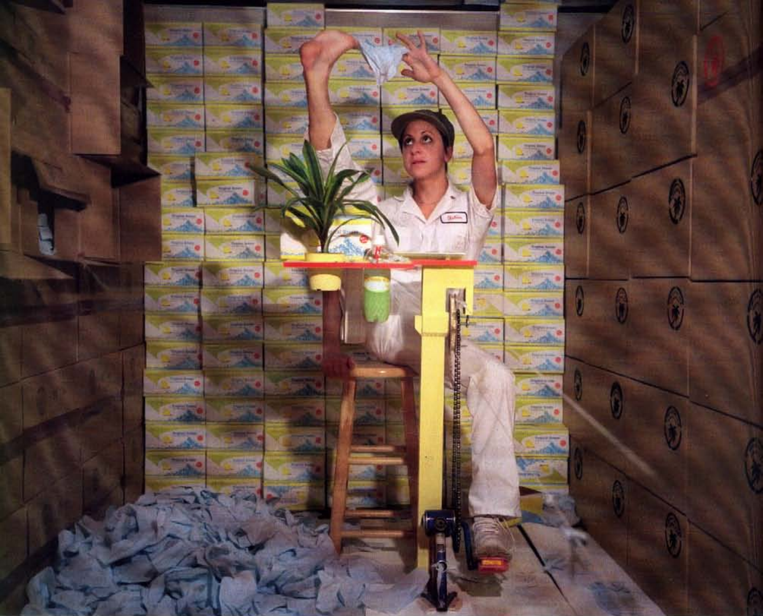
Erfrischungstücher Marke „Tropische Brise“ aus dem Schweiß einer farbigen Lastwagenfahrerin: „Tropical Breeze“ von 2004

E s gehört einiges an Frechheit dazu, der legendären New Yorker Galeristin Mary Boone einen Würfel aus zusammengepressten Salatblättern, Gummi und zerstampftem Puderrouge in die Hand zu drücken. Das unansehnliche Stück als Kunst zu erklären und Lady Boone damit wie die Moderatorin einer Einkaufs-show zu fotografieren. Boone galt in den achtziger Jahren als Königin der New Yorker Kunstwelt. Wie niemand sonst verstand sie es, die Preise für ihre Künstler nach oben zu treiben. Und wie keine andere wurde sie 1990, als die Geschäfte zusammenbrachen, für ihre Rolle als aggressive Vermarkterin der Kunst kritisiert.
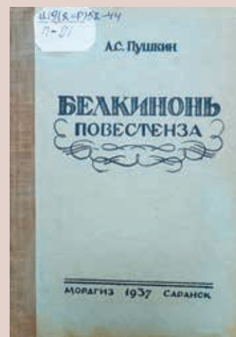
Обложка издания «Повести Белкина» на мокшанском языке. Саранск. 1937 г.
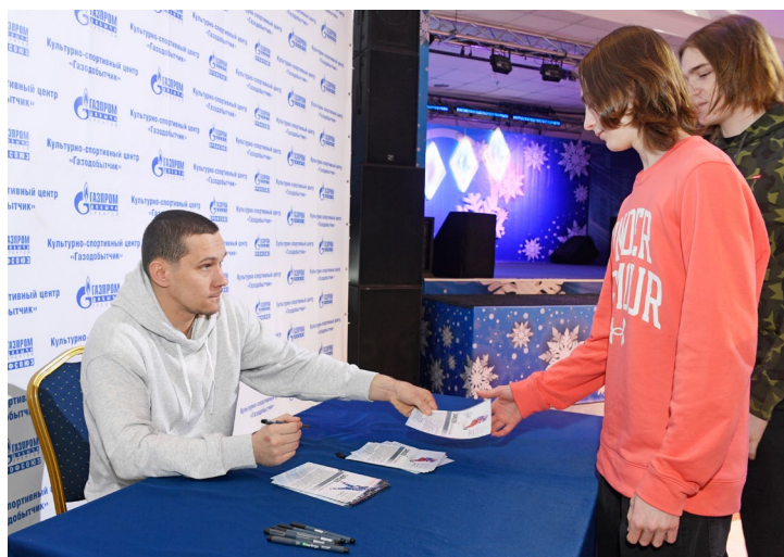
...и провел встречу с фанатами хоккея

Пожалуй, запредельной мотивации, бойцовским и лидерским качествам научить в полной мере на тренировках не удастся. Но всегда можно вдохновить личным примером, а на мастер-классе – еще и показать новые тактические и технические приемы, способы сделать себя и свою игру лучше. И такой возможностью не могли не воспользоваться юные воспитанники клубов «Факел» и «Факел-Контакт». Причем тренировочные сессии
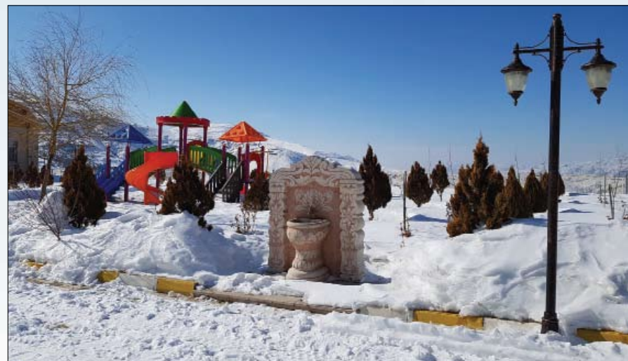
ألعاب للأطفال في المنتجع

اهتمامهم باستمرار بتطويره وفقا لرغبات الضيوف، بهم الآن يخططون لإعداد المكان لاستقبال الراغبين في ممارسة رياضة التزلج على الجليد.
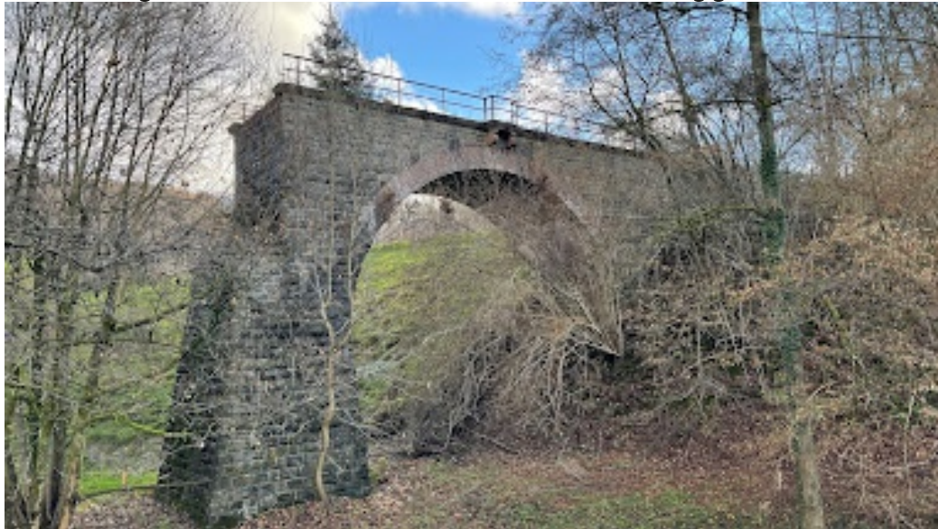
Die alte Eisenbahnbrücke über die Sülztaalstraße in Bielstein soll für den Radverkehr wiederhergestellt werden. In welcher Form wird derzeit noch geplant.

In den Umlandgemeinden aber tut sich einiges. So schreitet die Planung für den weiteren Ausbau des Radweges auf der alten Bahntrasse zwischen Lindlar und Untereschbach voran. Nachdem die Trasse von Lindlar bis Bielstein bereits erschlossen worden ist und auch von vielen Körtenerinnen und Körtenern aufgrund der Nähe und Attraktivität häufig genutzt wird, steht
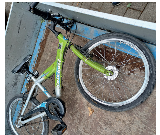
Fundort: Gebüsch am Haltepunkt Nünchritz
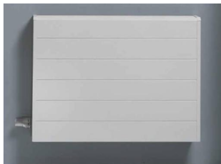
Lage temperatuur radiator

De verwarmingselementen in de verblijfsruimten 1 ste verdieping worden uitgevoerd als lage temperatuur radiatoren en zijn fabrieksmatig afgelakt. De plaatsen zullen t.z.t. door de installateur van het uitvoerend bouwbedrijf definitief bepaald worden op basis van een capaciteitsberekening. De hoofdbadkamer wordt verwarmd door een E-designradiator, voorzien van ronde buizen in de kleur wit.
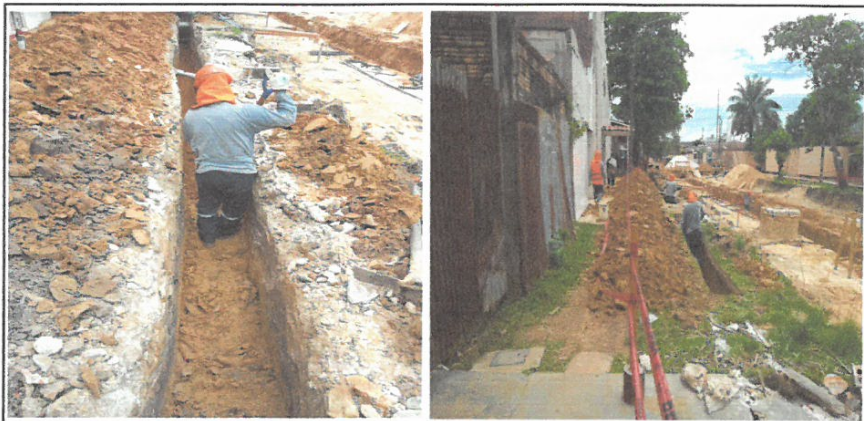
REFINE Y NIVELACION DE ZANJA PARA TUBERIA DE AGUA DE 90mm Y CONEXION

Código SNP: 341522 Nombre del Proyecto: "MEJORAMIENTO DE LA CALLE LIBERTAD (IKAMU JK. CASTILLA/CA. GARCILAZO), CA. SAN ROMAN, CA. ATLANTIDA, PSJE. INDEPENDENCIA, PSJE. SECUCIENTENARIO, CALLE PALMERAS Y PSJE. 23 DE SEPTIEMBRE, DISTRITO DE JIJITOS, PROVINCIA DE MAYAGÜES, LORETO"
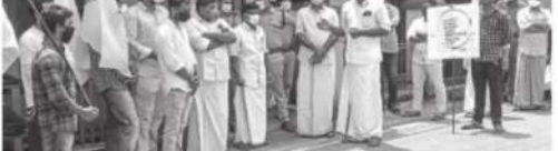
പനങ്ങൾ സഹ. ബാങ്കിലെ അഴിമതി ഡിവൈഎഫ്ഐ പ്രതിഷേധമാർച്ച് നടത്തി.
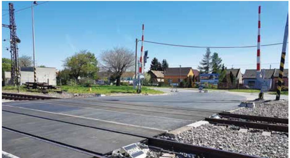
Ojedinelý pohľad na prázdne železničné priecestie.

Mesto požiadalo o stanovisko aj BSK, ktoré ocenilo zavedenie nových vlakov od polovice roka 2018, pretože nastalo výrazné zlepšenie dopravnej obslužnosti v Bratislavskom kraji. Problém však vznikol na križovaní cestných komunikácií so železničnou traťou v Bernolákove a v Senci, kde vznikajú zdržania nielen individuálnej ale aj autobusovej dopravy. Podľa informácií z BSK, na rokovaní zástupcovia ŽSR tvrdili, že priecestné zabezpečovacie zariadenie pracuje správne a jeho ďalšia úprava nie je možná. V preklade to znamená, že čas, kedy sú rampy spustené, nie je možné skrátiť.
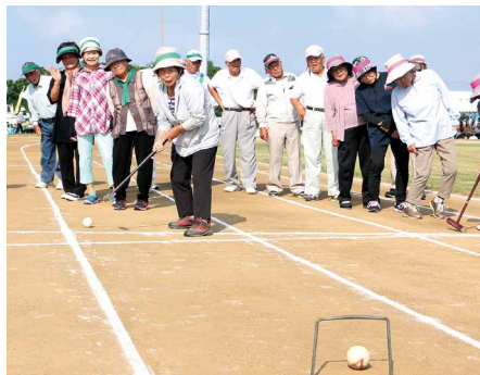
⑤ ゲートボールリレー
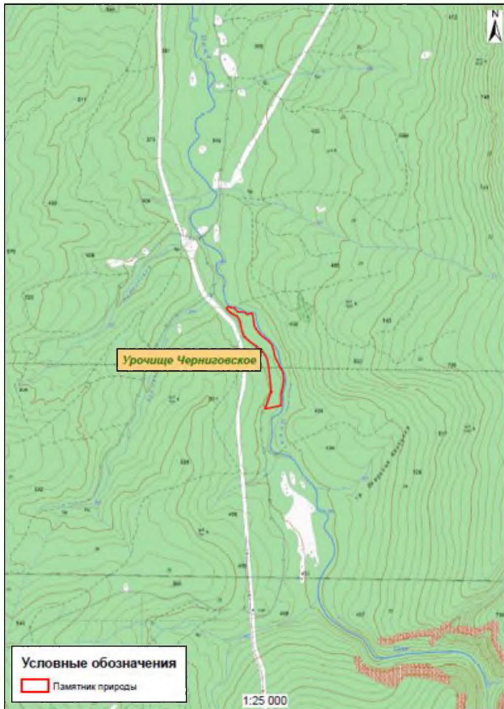
Карта-схема памятника природы «Урочище Черниговское»

Картографические материалы с нанесенными границами памятника природы регионального значения:
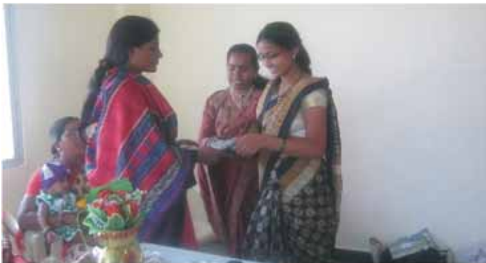
Certificates being given away for one of the courses.

Maher does not work merely as a shelter; its final aim is to rehabilitate its residents and enable them to be economically self-sufficient. Toward this aim it is now customary at Maher to organise as many training courses for women as possible. Following are the various courses organised by Maher during the last six months for women:
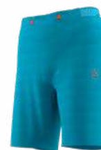
NEW 614614 TROPIC BLUE

**THE PROBLEM:** Copy each line from the data above that includes "temperatuur".

**RESULT FOR THIS EXERCISE:**
Lage temperatuur radiator
De verwarmingselementen in de verblijfsruimten 1 ste verdieping worden uitgevoerd als lage temperatuur radiatoren en zijn fabrieksmatig afgelakt. De plaatsen zullen t.z.t. door de installateur van het uitvoerend bouwbedrijf definitief bepaald worden op basis van een capaciteitsberekening. De hoofdbadkamer wordt verwarmd door een E-designradiator, voorzien van ronde buizen in de kleur wit.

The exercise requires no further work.